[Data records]

+--

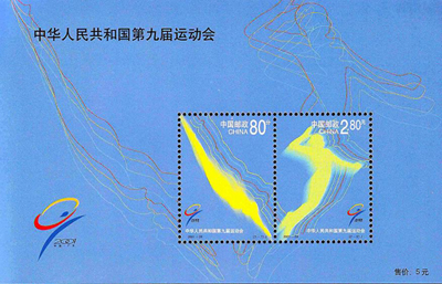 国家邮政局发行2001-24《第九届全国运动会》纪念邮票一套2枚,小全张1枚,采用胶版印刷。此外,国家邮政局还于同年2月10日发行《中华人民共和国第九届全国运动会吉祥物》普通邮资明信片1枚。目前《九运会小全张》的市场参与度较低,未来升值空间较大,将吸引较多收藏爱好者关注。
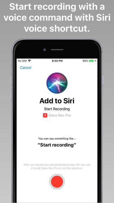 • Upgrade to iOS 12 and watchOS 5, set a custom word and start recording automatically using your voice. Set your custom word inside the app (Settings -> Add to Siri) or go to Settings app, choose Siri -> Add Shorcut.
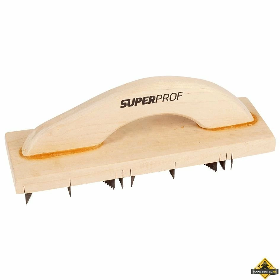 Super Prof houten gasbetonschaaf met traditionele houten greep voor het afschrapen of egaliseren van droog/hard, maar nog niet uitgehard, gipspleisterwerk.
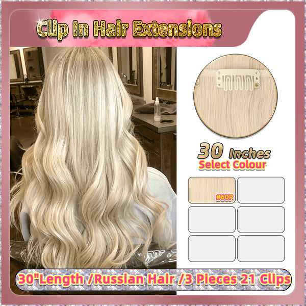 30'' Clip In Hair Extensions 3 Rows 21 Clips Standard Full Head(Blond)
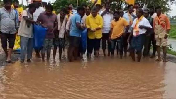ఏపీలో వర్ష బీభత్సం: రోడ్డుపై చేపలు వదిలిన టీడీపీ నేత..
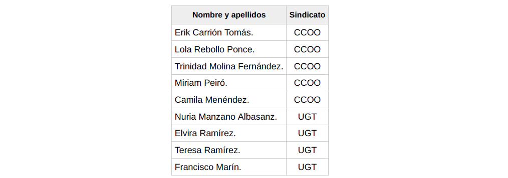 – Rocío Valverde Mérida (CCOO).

+--

▶ EXERCISE DETAILS
Pictures stay out, but every record above is to be returned exactly.

▶ EXERCISE RESULT
 国家邮政局发行2001-24《第九届全国运动会》纪念邮票一套2枚,小全张1枚,采用胶版印刷。此外,国家邮政局还于同年2月10日发行《中华人民共和国第九届全国运动会吉祥物》普通邮资明信片1枚。目前《九运会小全张》的市场参与度较低,未来升值空间较大,将吸引较多收藏爱好者关注。
 • Upgrade to iOS 12 and watchOS 5, set a custom word and start recording automatically using your voice. Set your custom word inside the app (Settings -> Add to Siri) or go to Settings app, choose Siri -> Add Shorcut.
 Super Prof houten gasbetonschaaf met traditionele houten greep voor het afschrapen of egaliseren van droog/hard, maar nog niet uitgehard, gipspleisterwerk.
 30'' Clip In Hair Extensions 3 Rows 21 Clips Standard Full Head(Blond)
ఏపీలో వర్ష బీభత్సం: రోడ్డుపై చేపలు వదిలిన టీడీపీ నేత..
 – Rocío Valverde Mérida (CCOO).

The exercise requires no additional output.